▶ TASK TO CARRY OUT: In the material below, the lines between the one holding "Vintage 1978 Abba" and the one holding "3. If you selected", inclusive, are to be set down word for word. Pictures stay out.

▶ ENTRIES PROVIDED:
*** Begin section ***

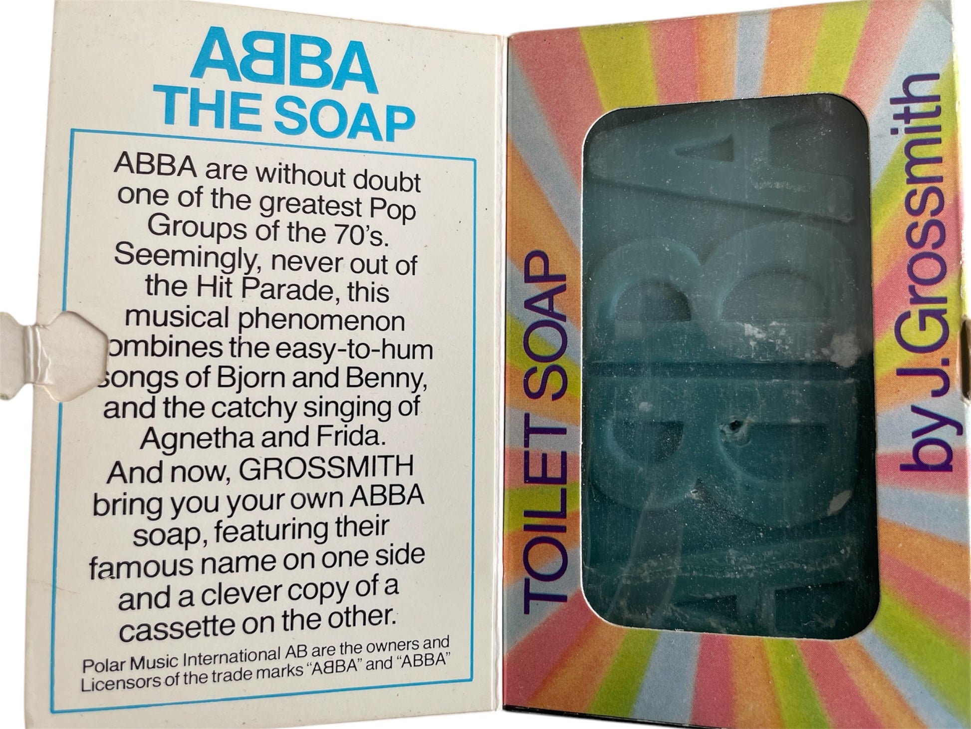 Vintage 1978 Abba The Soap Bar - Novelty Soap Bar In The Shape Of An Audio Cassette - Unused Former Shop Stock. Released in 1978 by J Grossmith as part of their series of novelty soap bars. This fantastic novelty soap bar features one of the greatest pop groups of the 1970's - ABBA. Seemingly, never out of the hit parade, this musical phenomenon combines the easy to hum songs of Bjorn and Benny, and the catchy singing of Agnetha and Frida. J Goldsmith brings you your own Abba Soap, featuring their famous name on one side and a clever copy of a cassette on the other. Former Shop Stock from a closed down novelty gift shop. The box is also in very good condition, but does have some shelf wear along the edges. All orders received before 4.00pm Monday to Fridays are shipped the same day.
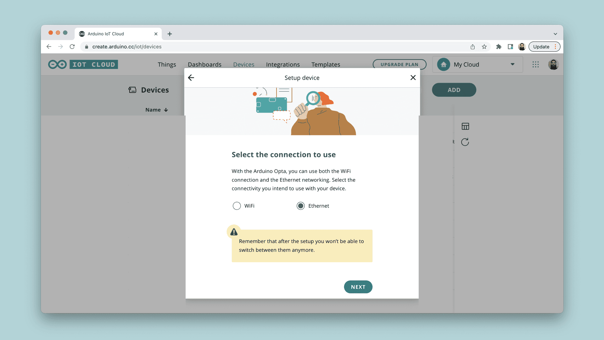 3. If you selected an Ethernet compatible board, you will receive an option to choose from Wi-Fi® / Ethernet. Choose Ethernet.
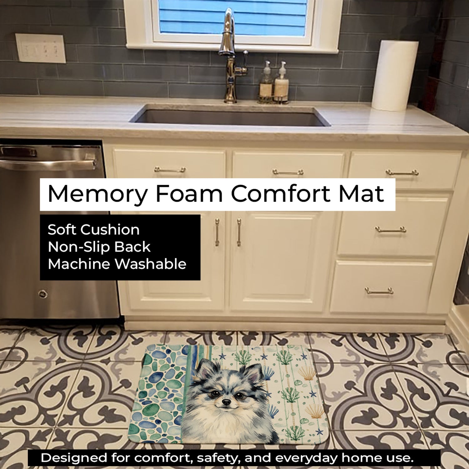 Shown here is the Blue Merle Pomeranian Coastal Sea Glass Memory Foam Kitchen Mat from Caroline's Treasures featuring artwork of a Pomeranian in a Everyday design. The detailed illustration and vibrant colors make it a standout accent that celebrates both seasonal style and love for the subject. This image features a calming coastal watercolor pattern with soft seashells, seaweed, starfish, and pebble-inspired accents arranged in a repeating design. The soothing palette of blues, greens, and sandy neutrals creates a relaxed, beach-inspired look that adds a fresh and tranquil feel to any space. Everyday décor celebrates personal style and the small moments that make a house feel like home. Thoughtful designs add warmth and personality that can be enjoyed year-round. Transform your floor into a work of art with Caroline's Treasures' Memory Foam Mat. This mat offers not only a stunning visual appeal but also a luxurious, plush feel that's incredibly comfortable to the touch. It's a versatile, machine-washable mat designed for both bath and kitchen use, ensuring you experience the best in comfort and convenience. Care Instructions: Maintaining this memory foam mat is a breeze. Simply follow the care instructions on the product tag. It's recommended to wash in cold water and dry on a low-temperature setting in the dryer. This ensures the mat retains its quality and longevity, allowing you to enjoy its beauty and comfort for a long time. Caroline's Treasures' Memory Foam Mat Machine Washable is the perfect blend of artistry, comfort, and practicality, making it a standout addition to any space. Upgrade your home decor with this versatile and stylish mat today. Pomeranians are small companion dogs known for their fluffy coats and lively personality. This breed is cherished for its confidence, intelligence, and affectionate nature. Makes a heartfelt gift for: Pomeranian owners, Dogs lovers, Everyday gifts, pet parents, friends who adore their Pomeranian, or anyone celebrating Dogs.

*** End section ***
*** Begin section ***

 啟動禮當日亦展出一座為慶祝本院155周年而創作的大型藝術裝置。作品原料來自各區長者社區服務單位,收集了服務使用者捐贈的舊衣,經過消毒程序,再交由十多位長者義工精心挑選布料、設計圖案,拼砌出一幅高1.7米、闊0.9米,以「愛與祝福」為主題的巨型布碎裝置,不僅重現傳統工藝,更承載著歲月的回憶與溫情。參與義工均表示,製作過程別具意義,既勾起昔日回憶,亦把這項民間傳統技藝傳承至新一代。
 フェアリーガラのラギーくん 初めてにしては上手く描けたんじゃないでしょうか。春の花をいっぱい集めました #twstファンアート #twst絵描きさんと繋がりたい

*** End section ***

▶ OUTPUT OF THE EXERCISE:
 Vintage 1978 Abba The Soap Bar - Novelty Soap Bar In The Shape Of An Audio Cassette - Unused Former Shop Stock. Released in 1978 by J Grossmith as part of their series of novelty soap bars. This fantastic novelty soap bar features one of the greatest pop groups of the 1970's - ABBA. Seemingly, never out of the hit parade, this musical phenomenon combines the easy to hum songs of Bjorn and Benny, and the catchy singing of Agnetha and Frida. J Goldsmith brings you your own Abba Soap, featuring their famous name on one side and a clever copy of a cassette on the other. Former Shop Stock from a closed down novelty gift shop. The box is also in very good condition, but does have some shelf wear along the edges. All orders received before 4.00pm Monday to Fridays are shipped the same day.
 3. If you selected an Ethernet compatible board, you will receive an option to choose from Wi-Fi® / Ethernet. Choose Ethernet.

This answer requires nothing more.